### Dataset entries
= Beginning of Section =
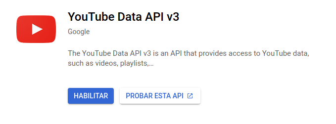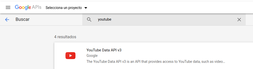 2.- Desde el buscador localizado en la parte superior de la sección, escribe «Youtube» y te aparecerá en pantalla varias opciones. Haz click sobre la opción «YouTube Data API v3«.
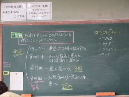 社会「工業生産を支える運輸と貿易」、学習問題「日本は、どこからどのようなものを
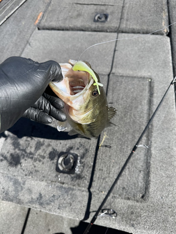 Largemouth BassTechniqueSoft Body Swimbaits (Small/Medium)SeasonSpring (Pre-Spawn)StructureSubmerged VegetationDelta is finally warming up! The underspin chartreuse was the bait of choice. Water clarity is about 12”. The new mastiff fluorocarbon worked beautifully.
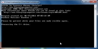 UNHIDE.EXE DOWNLOAD LINK (This link will instantly download the Unhide utility on your pc) - Double-click the Unhide.exe icon on your hard drive and permit this program to operate.The entire process shouldn’t take a lot more than ten minutes to accomplish,and also at the finish this utility will produce a report.
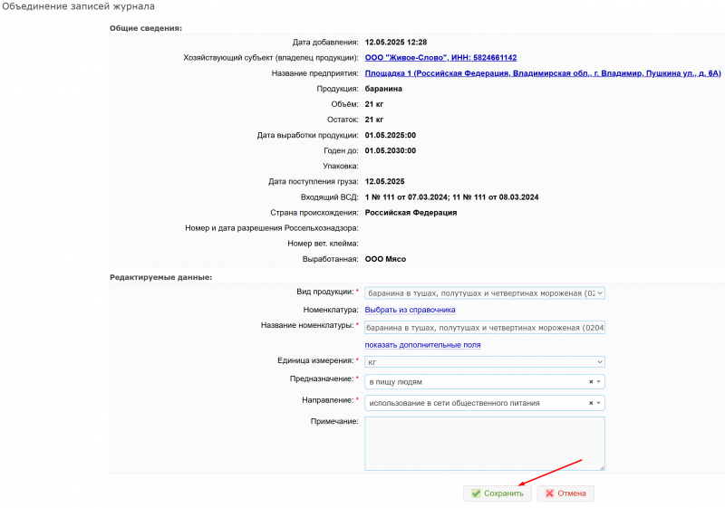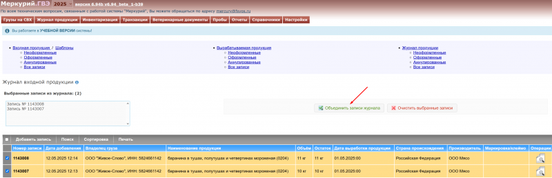 Объединение записей складского журнала продукции в Меркурий.ГВЭ
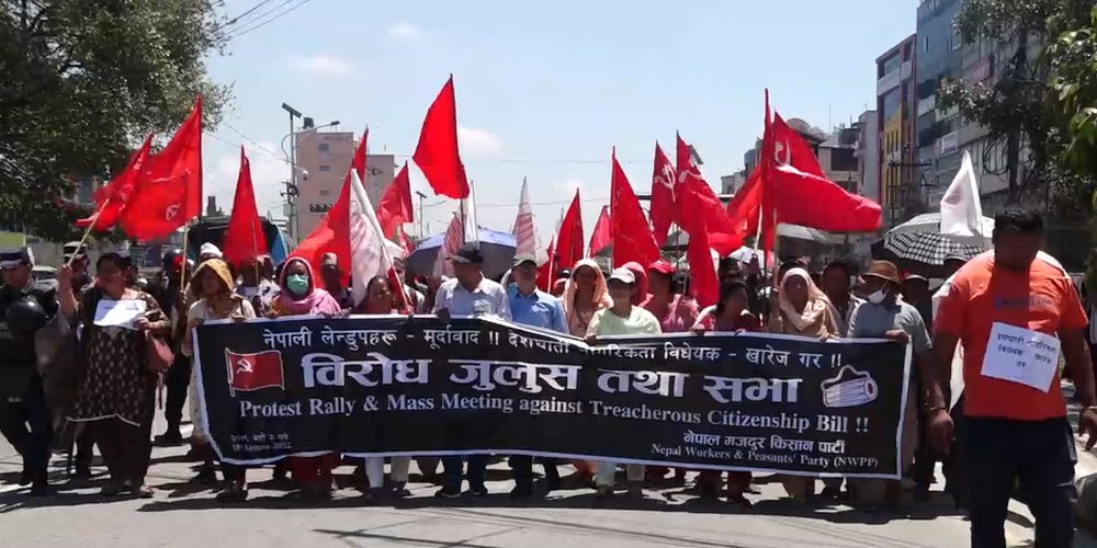 काठमाडौं । नागरिकता विधेयक देशघाती भएकाले खारेज गर्नुपर्ने भन्दै नेपाल मजदुर किसान पार्टीलेले काठमाडौंमा विरोध प्रदर्शन गरेको छ ।
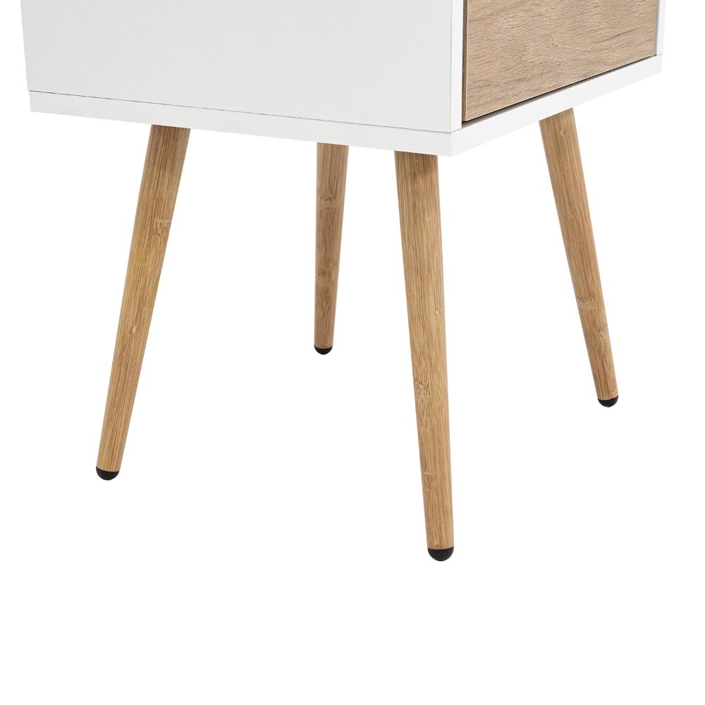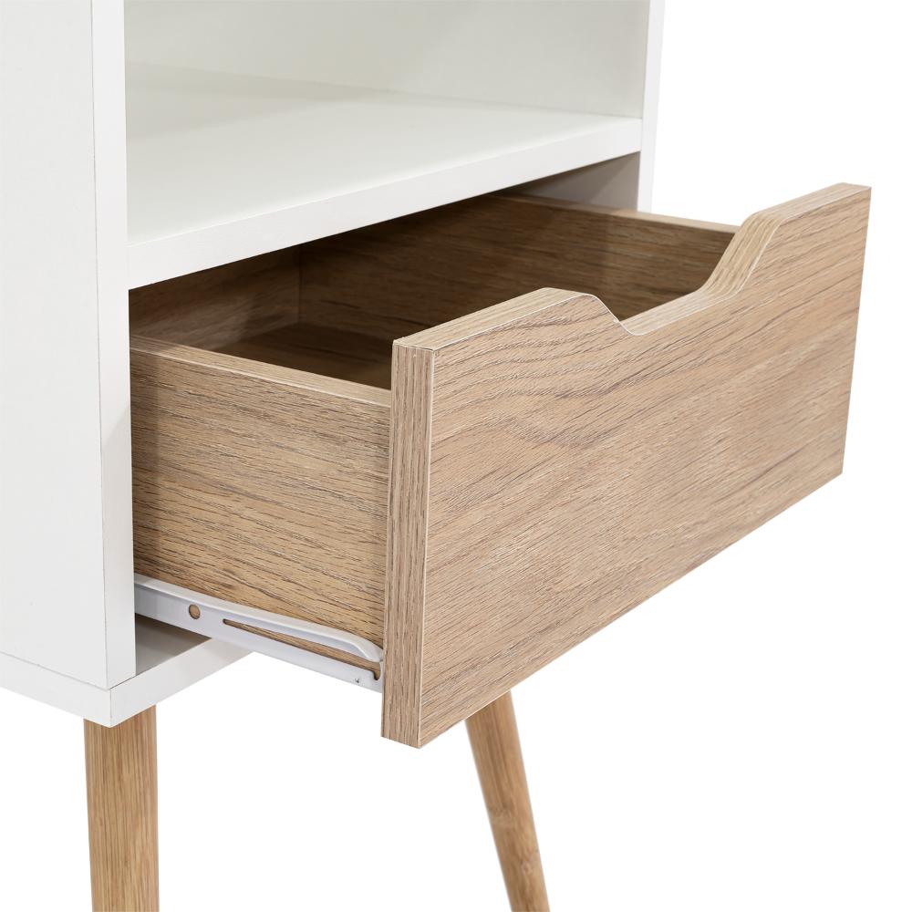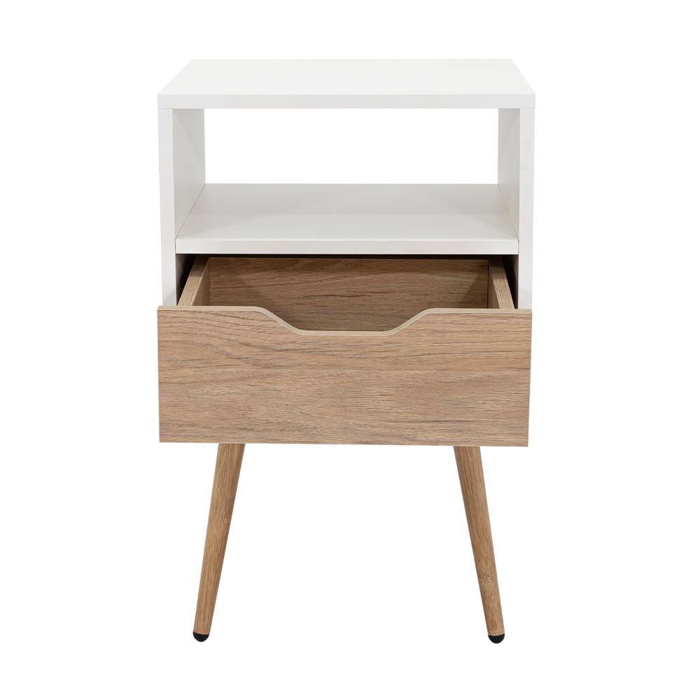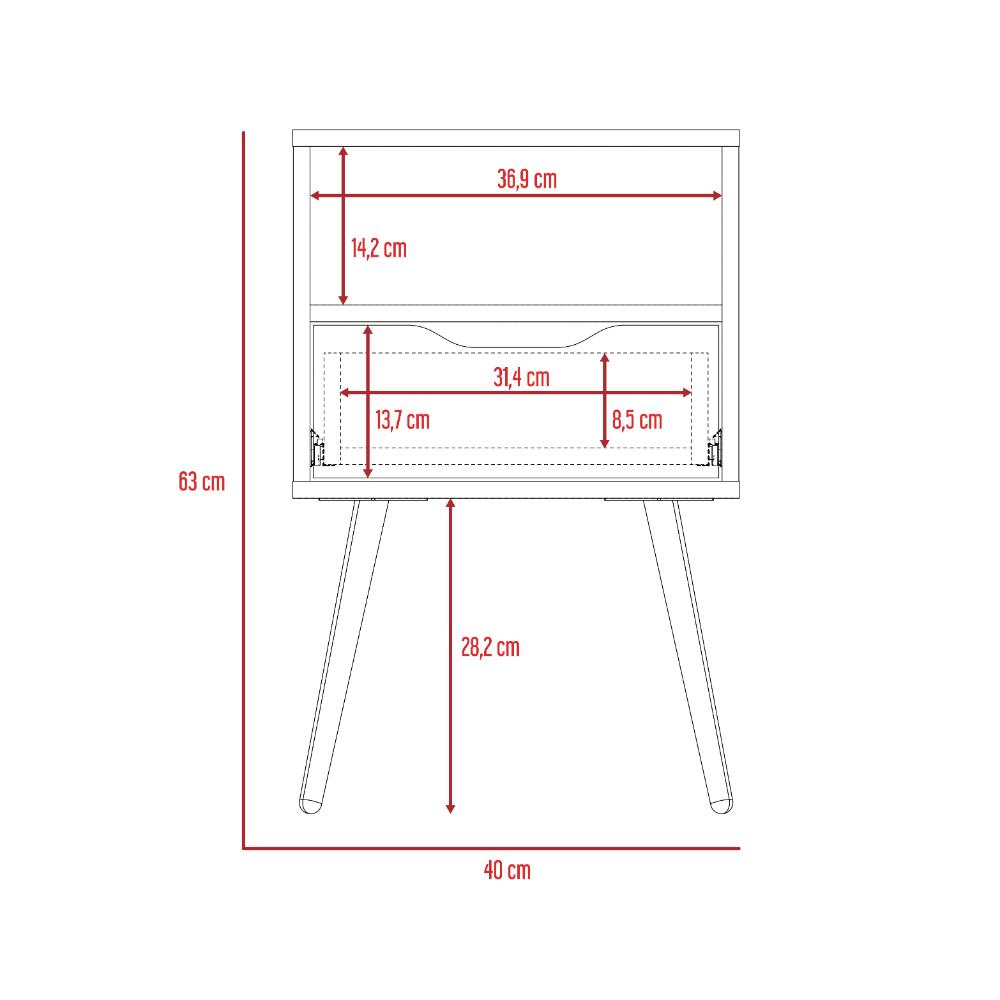 Mesa de Noche Alesio, Blanco y Beige, con Un Cajón
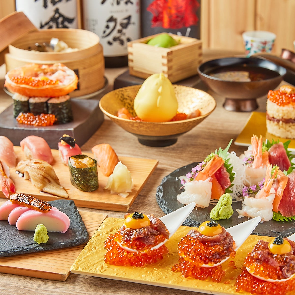 アゴ出汁⼭葵稲荷 、鯵と梅⾁のあて巻き、数の⼦⼭葵のあて巻き、柚⼦胡椒鯛のあて巻き
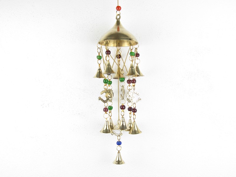 Krásná mosazná zvonkohra s budhistickým symbolem ÓM a zvonečky byla vyrobena v Indii. Šest ÓM, lehce tepaných, doplňuje spousta hladkých mosazných zvonků. Kovové řetízky, které spojují ÓM a zvonky, barevně doplňují pestré skleněné korálky. ÓM a zvonky jsou řetízky a kroužky připevněni k horní mosazné polokouli do špičky, která dále pokračuje řetízkem s korálkem na zavěšení.
= End of Section =
### EXERCISE DETAILS
Could you output the lines above exactly, with no pictures included?

### ANSWER TO THIS TASK
 2.- Desde el buscador localizado en la parte superior de la sección, escribe «Youtube» y te aparecerá en pantalla varias opciones. Haz click sobre la opción «YouTube Data API v3«.
 社会「工業生産を支える運輸と貿易」、学習問題「日本は、どこからどのようなものを
 Largemouth BassTechniqueSoft Body Swimbaits (Small/Medium)SeasonSpring (Pre-Spawn)StructureSubmerged VegetationDelta is finally warming up! The underspin chartreuse was the bait of choice. Water clarity is about 12”. The new mastiff fluorocarbon worked beautifully.
 UNHIDE.EXE DOWNLOAD LINK (This link will instantly download the Unhide utility on your pc) - Double-click the Unhide.exe icon on your hard drive and permit this program to operate.The entire process shouldn’t take a lot more than ten minutes to accomplish,and also at the finish this utility will produce a report.
 Объединение записей складского журнала продукции в Меркурий.ГВЭ
 काठमाडौं । नागरिकता विधेयक देशघाती भएकाले खारेज गर्नुपर्ने भन्दै नेपाल मजदुर किसान पार्टीलेले काठमाडौंमा विरोध प्रदर्शन गरेको छ ।
 Mesa de Noche Alesio, Blanco y Beige, con Un Cajón
 アゴ出汁⼭葵稲荷 、鯵と梅⾁のあて巻き、数の⼦⼭葵のあて巻き、柚⼦胡椒鯛のあて巻き
 Krásná mosazná zvonkohra s budhistickým symbolem ÓM a zvonečky byla vyrobena v Indii. Šest ÓM, lehce tepaných, doplňuje spousta hladkých mosazných zvonků. Kovové řetízky, které spojují ÓM a zvonky, barevně doplňují pestré skleněné korálky. ÓM a zvonky jsou řetízky a kroužky připevněni k horní mosazné polokouli do špičky, která dále pokračuje řetízkem s korálkem na zavěšení.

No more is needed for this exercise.